Schliep Alexander, Costa Ivan G, Steinhoff Christine, Schönhuth Alexander
Max Planck Institute for Molecular Genetics, Berlin, Germany.
IEEE/ACM Trans Comput Biol Bioinform. 2005 Jul-Sep;2(3):179-93. doi: 10.1109/TCBB.2005.31.
Measuring gene expression over time can provide important insights into basic cellular processes. Identifying groups of genes with similar expression time-courses is a crucial first step in the analysis.

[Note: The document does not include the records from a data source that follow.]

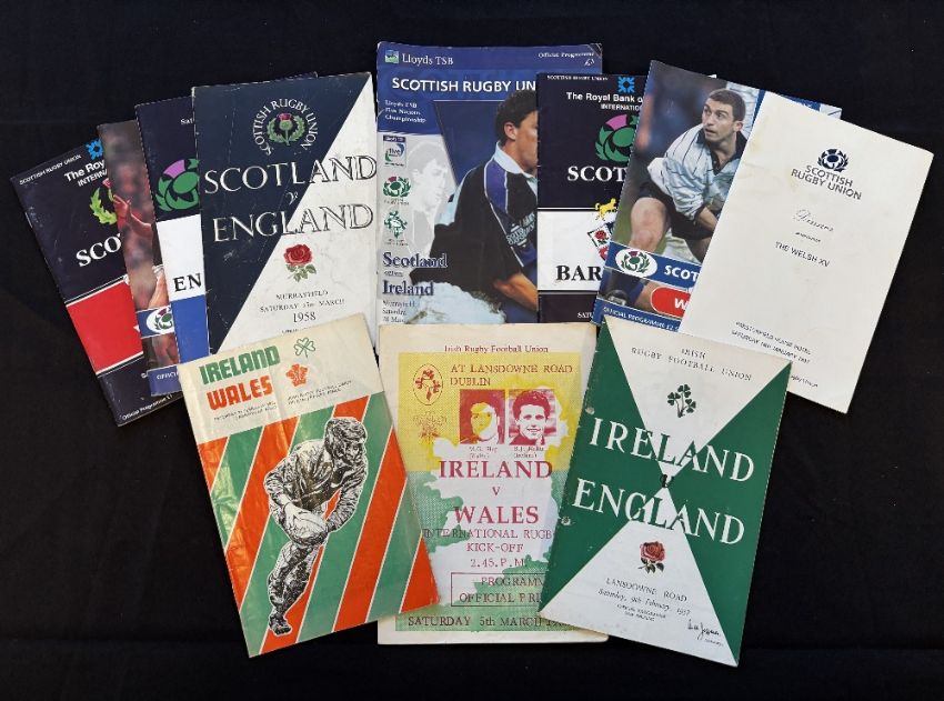Irish and Scottish International Rugby Programmes etc (10+): Ireland v England 1957 (p/h) and v Wales 76(cr) and almost amusing ‘cut and paste’ pirate 88; Scotland v Wales 97 (plus menu signed by Doddie Weir, Peter Walton etc) and 89, v England 58 and 94; v Ireland 97 and 99; and v Baabaas 91. G/VG
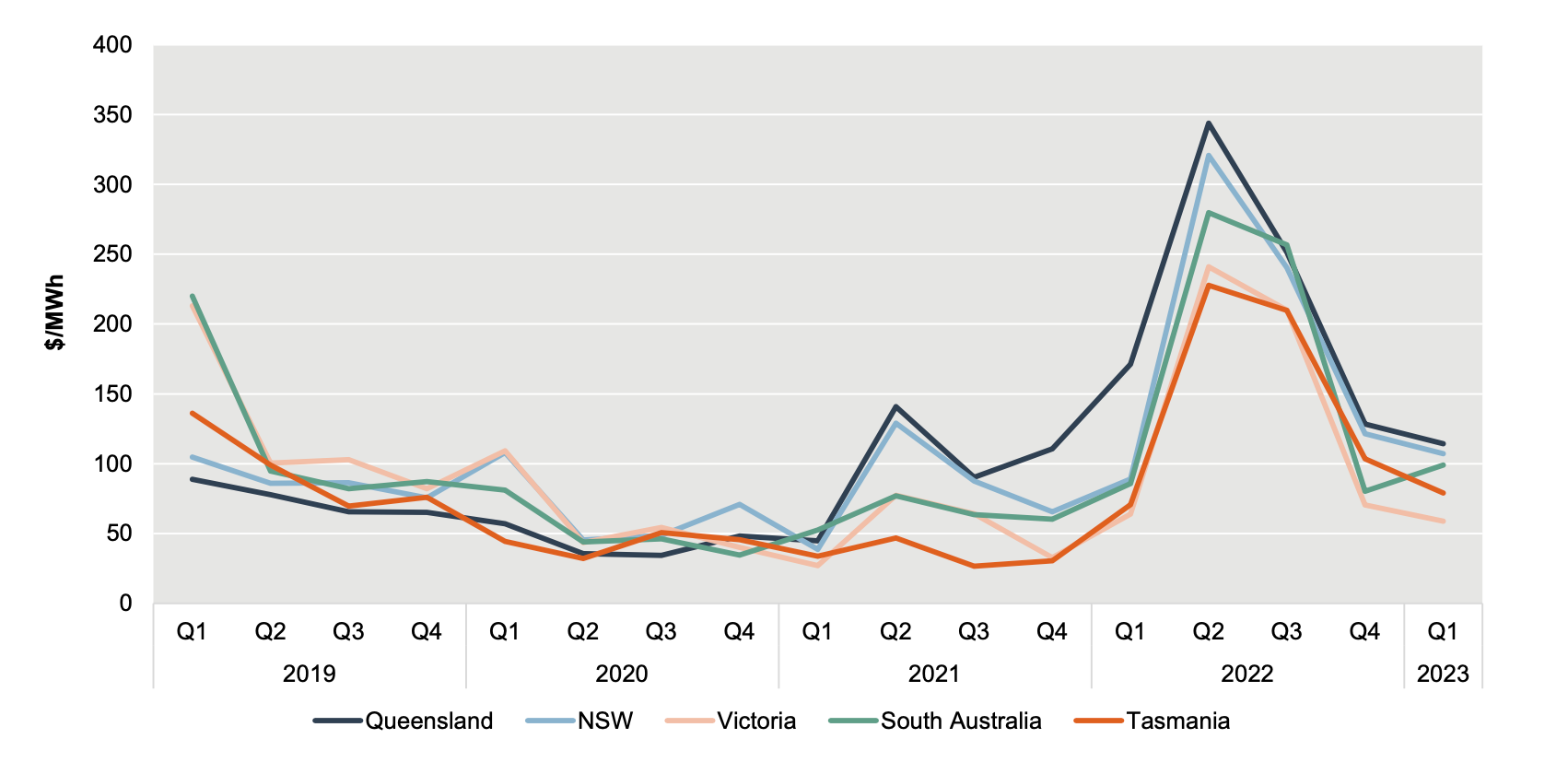 Despite increased electricity demand, average NEM spot prices over Q1 2023 were lower across all regions except South Australia.
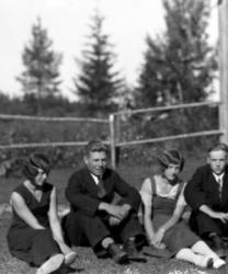 Kalle ja Elli Paavola, Liisa ja Anni Herrala, Hilma Ojala, Arvo Aho, Helmi Kanerva Sinkka, emäntä Suomela ja Kyllikki
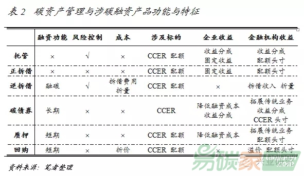 碳資產管理與涉碳融資各類業(yè)務的基本功能,以及對于控排企業(yè)和金融機構的影響,如下表所示。
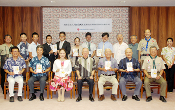 助成金授与式には、助成が決定した10団体の各代表者の方々が参加し、当財団からは大城勇夫理事長、宮城常務理事が参加いたしました。
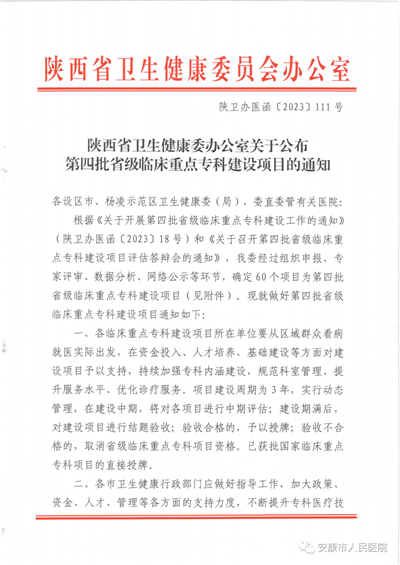 近日,陜西省衛(wèi)生健康委發(fā)文公布了第四批省級(jí)臨床重點(diǎn)?平ㄔO(shè)項(xiàng)目名單,安康市人民醫(yī)院腫瘤內(nèi)科名列其中,順利被評(píng)定為省級(jí)臨床重點(diǎn)?平ㄔO(shè)項(xiàng)目。
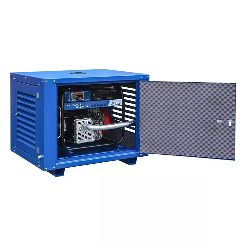 - Все внутренние повехности защищены шумозиоляционным материалом, что позволяет снизить шум генератора и использовать его вблизи жилых домов.
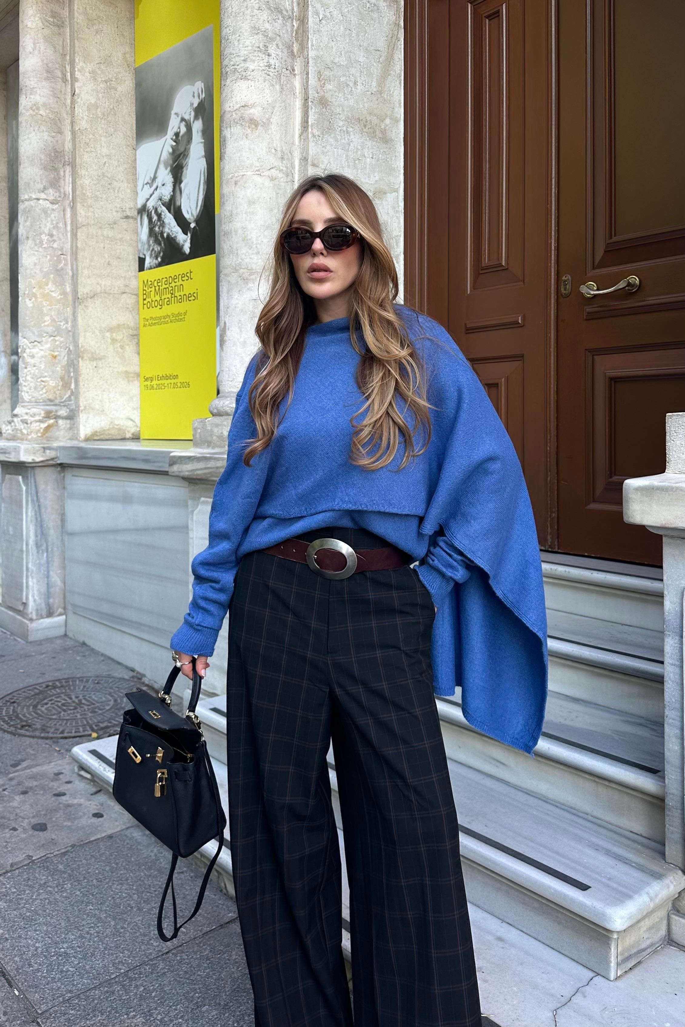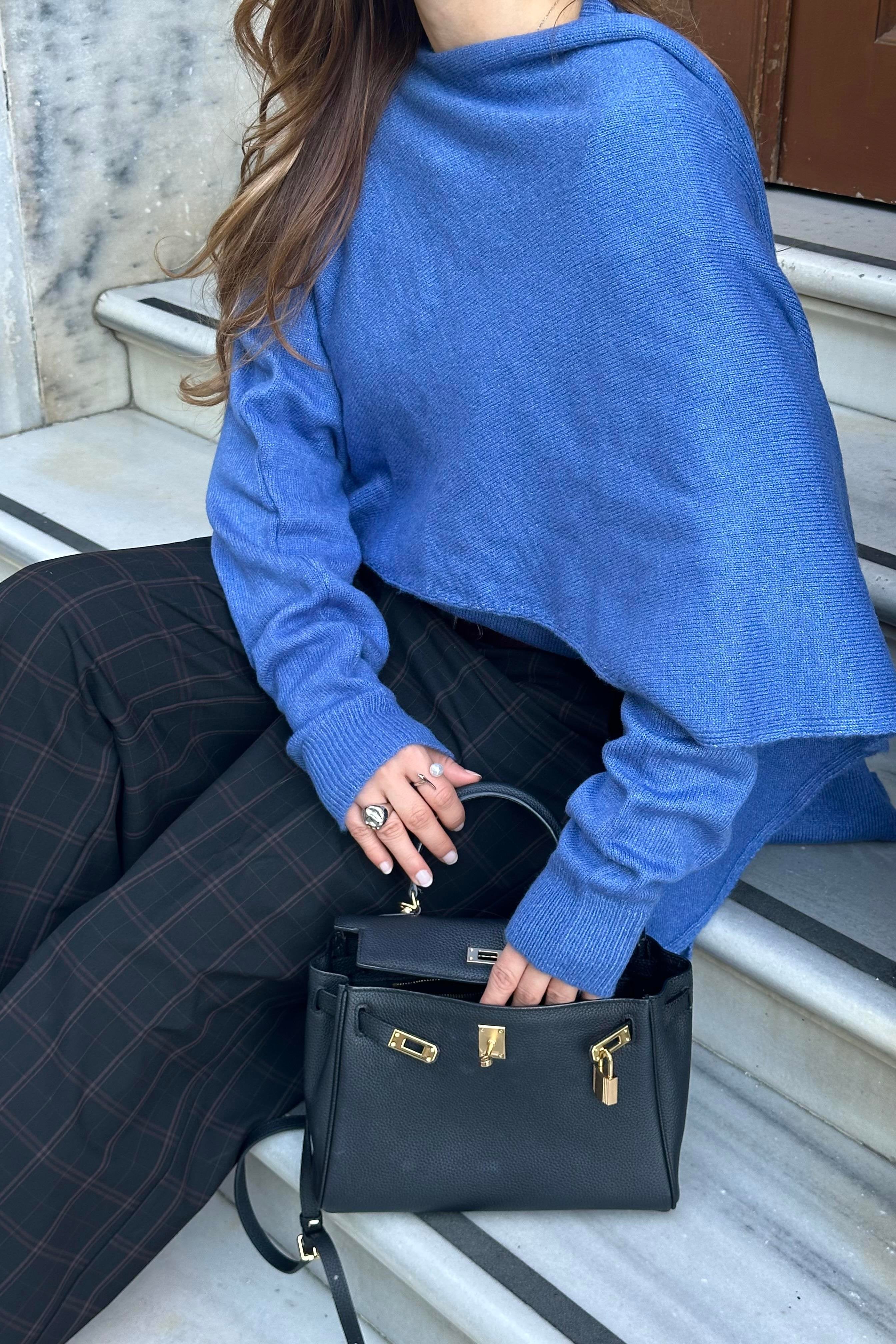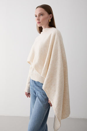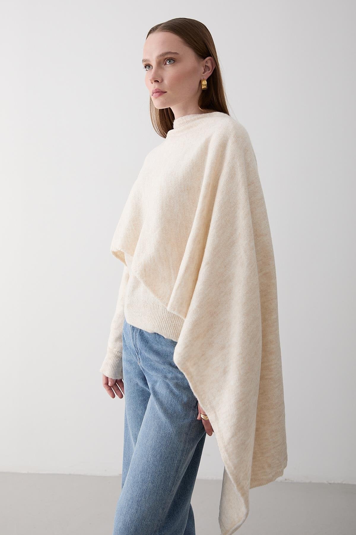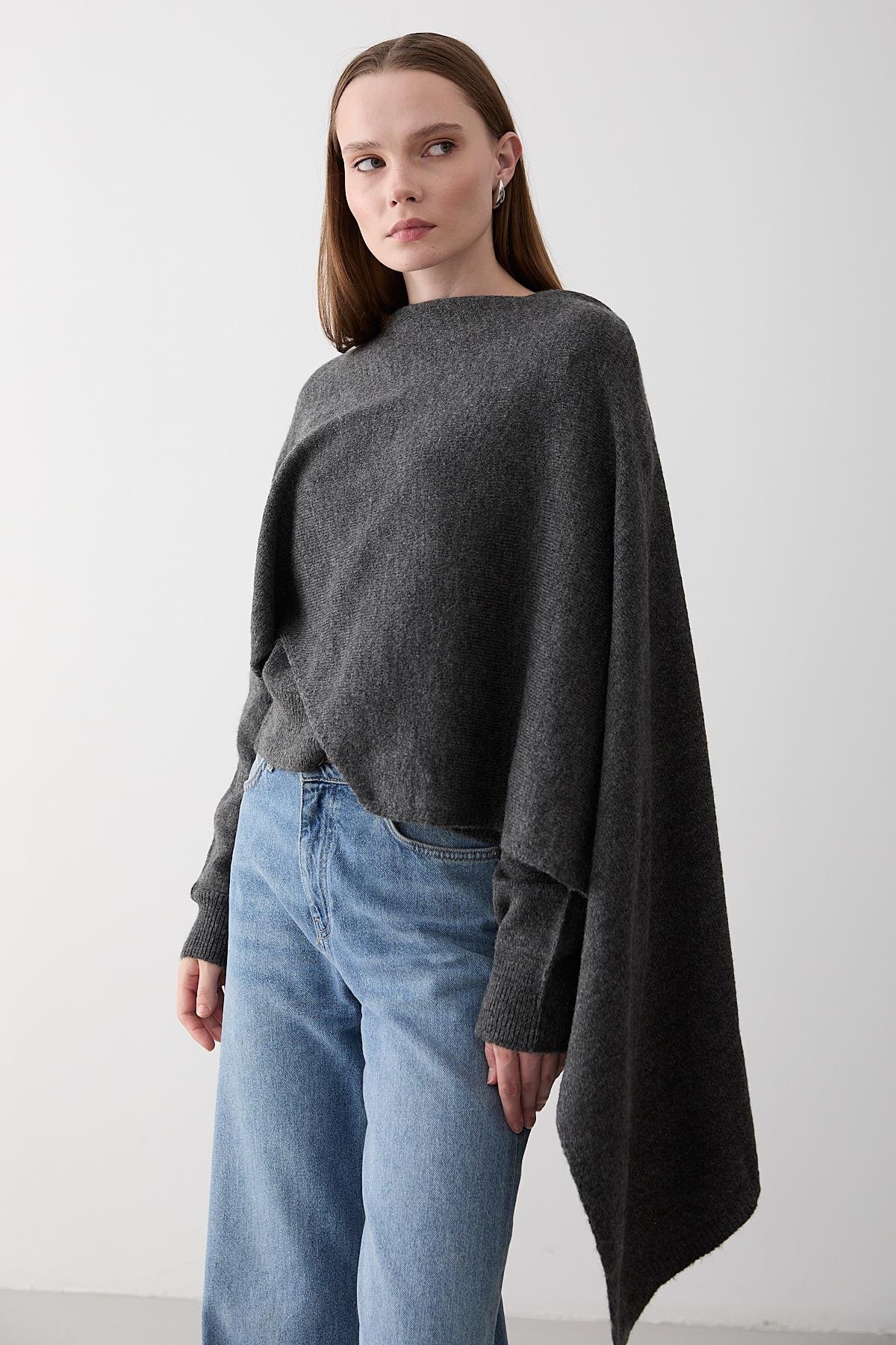 A soft knit sweater with a practical and elegant design, featuring an integrated scarf for added warmth and style. Perfect for everyday and winter outfits, easy to style and comfortable to wear.

As biologically relevant groups frequently overlap, due to genes having several distinct roles in those cellular processes, this is a difficult problem for classical clustering methods. We use a mixture model to circumvent this principal problem, with hidden Markov models (HMMs) as effective and flexible components. We show that the ensuing estimation problem can be addressed with additional labeled data-partially supervised learning of mixtures-through a modification of the Expectation-Maximization (EM) algorithm. Good starting points for the mixture estimation are obtained through a modification to Bayesian model merging, which allows us to learn a collection of initial HMMs. We infer groups from mixtures with a simple information-theoretic decoding heuristic, which quantifies the level of ambiguity in group assignment. The effectiveness is shown with high-quality annotation data. As the HMMs we propose capture asynchronous behavior by design, the groups we find are also asynchronous. Synchronous subgroups are obtained from a novel algorithm based on Viterbi paths. We show the suitability of our HMM mixture approach on biological and simulated data and through the favorable comparison with previous approaches. A software implementing the method is freely available under the GPL from http://ghmm.org/gql.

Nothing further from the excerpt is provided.